Former South Carolina Governor Nikki Haley, Florida Governor Ron DeSantis and former biotech executive Vivek Ramaswamy pose together onstage at the third Republican candidates’ U.S. presidential debate of the 2024 U.S. presidential campaign hosted by NBC News at the Adrienne Arsht Center for the Performing Arts in Miami, Florida, U.S., November 8, 2023.
Mike Segar | Reuters
Outstanding student loan debt in the U.S. exceeds $1.6 trillion, and burdens Americans more than credit card or auto loan debt. The average loan balance at graduation has tripled since the 1990s to $30,000 from $10,000. Additionally, about 7% of student loan borrowers are now more than $100,000 in debt.
Voters support forgiving at least some student loan debt by a 2-to-1 margin, according to a Politico/Morning Consult poll. Less than a third oppose the policy.
Here’s what the GOP presidential contenders say about student debt forgiveness.
Former U.S. President and Republican presidential candidate Donald Trump campaigns in Mason City, Iowa, U.S. January 5, 2024.
Rachel Mummey | Reuters
“Today, the Supreme Court also ruled that President Biden cannot wipe out hundreds of billions, perhaps trillions of dollars, in student loan debt, which would have been very unfair to the millions and millions of people who paid their debt through hard work and diligence; very unfair,” Trump said at a campaign event in June 2023.

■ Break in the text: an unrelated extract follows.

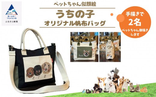 《ペットちゃん似顔絵》うちの子オリジナル帆布バッグ(手描き2名)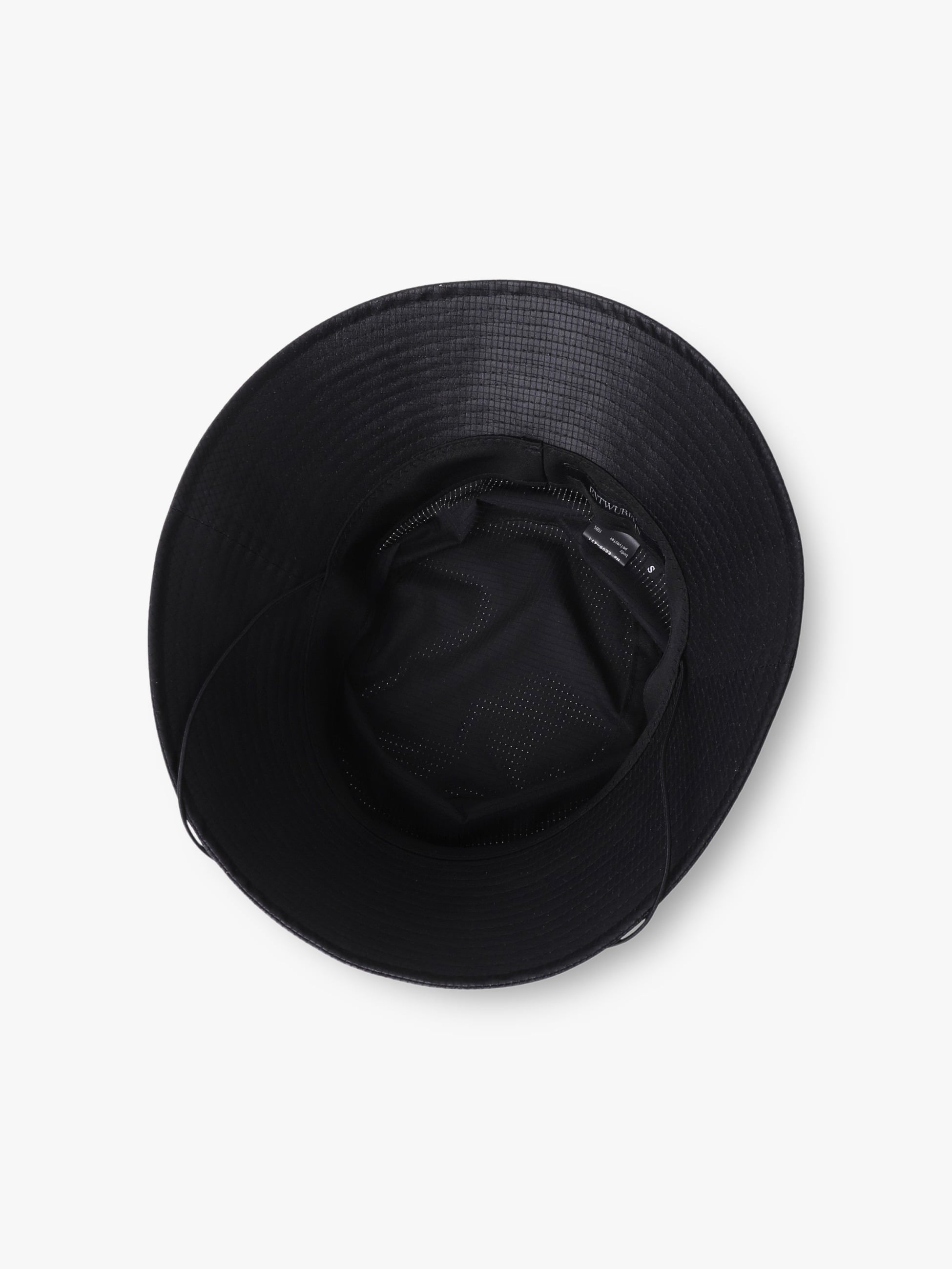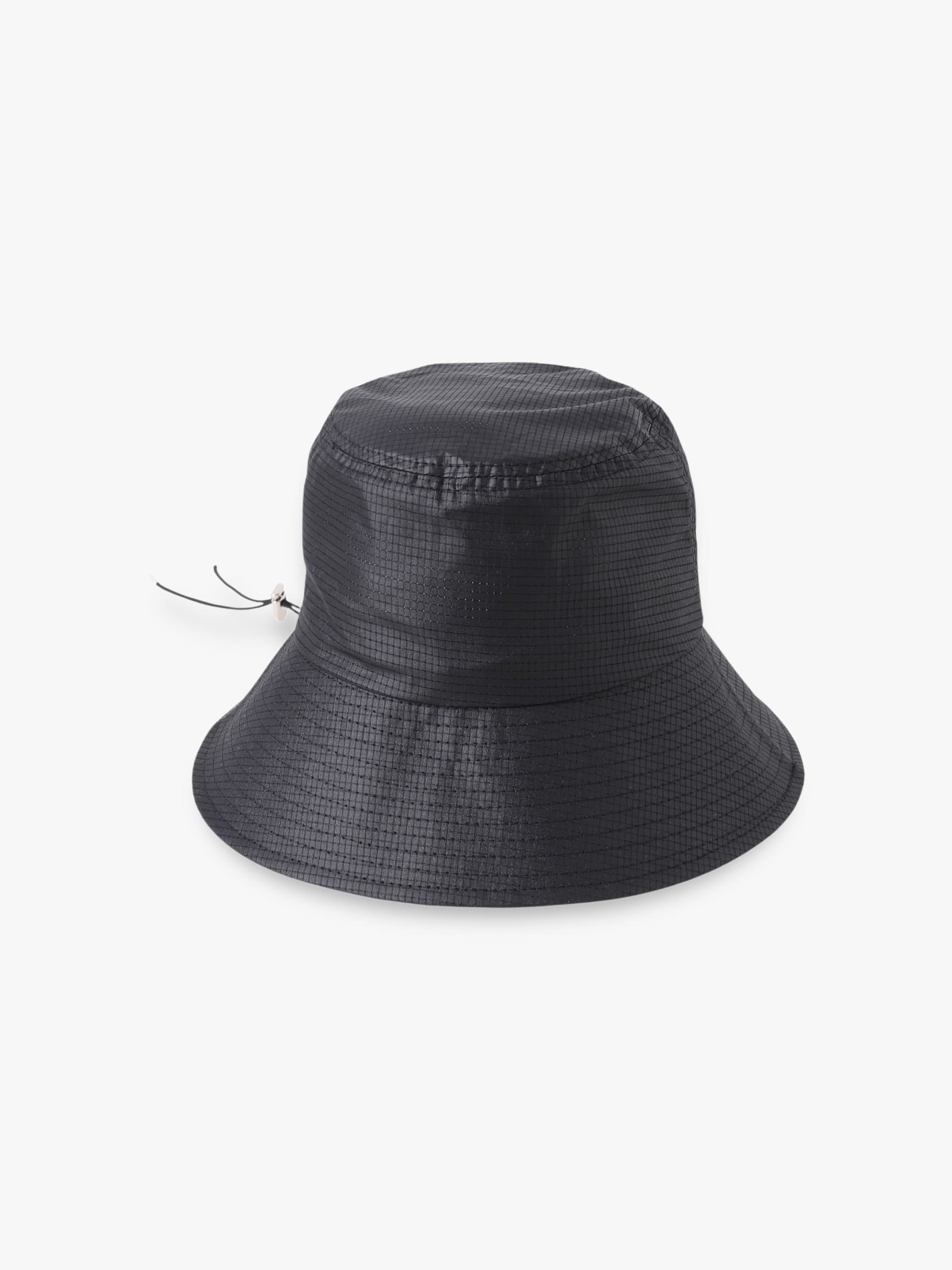 ミニマルでモダンなデザインに、通気性の高いメッシュ素材を用いた機能的なハットは、アウトドアでもエレガントさを損なわない洗練された佇まいで、タウンユースにも自然に溶け込みます。コード部分は伸縮性のあるゴム仕様、通気性・接触冷感・撥水・防シワ・ウォッシャブルと、多機能でありながら、ポリエステルとは思えないマットで上品な質感が魅力。機能素材に見えない佇まいが、大人のスタイルにさりげなくフィットします。

In a written statement to CNBC last summer, the tech entrepreneur said America had a bad habit “of paying people to do the exact opposite of what we want them to do: More [dollars] to stay at home than to work, more [dollars] to be a single mother than married, more [dollars] for those who fail to repay loans than those who do.”
Ramaswamy added that the Supreme Court’s ruling to block forgiveness “helps reverse that trend.”
The former South Carolina governor and U.S. ambassador to the United Nations under Trump tweeted last June that “a president cannot just wave his hand and eliminate loans for students he favors, while leaving out all those who worked hard to pay back their loans or made other career choices.”
“The Supreme Court was right to throw out Joe Biden’s power grab,” Haley wrote.
A former governor of Arkansas, Asa Hutchinson, called Biden’s broad forgiveness plan “a misuse of executive authority,” in a 2022 statement.
“Shifting the burden from those who willingly took out a loan to all taxpayers is inconsistent with the American ideal of personal responsibility,” Hutchinson said.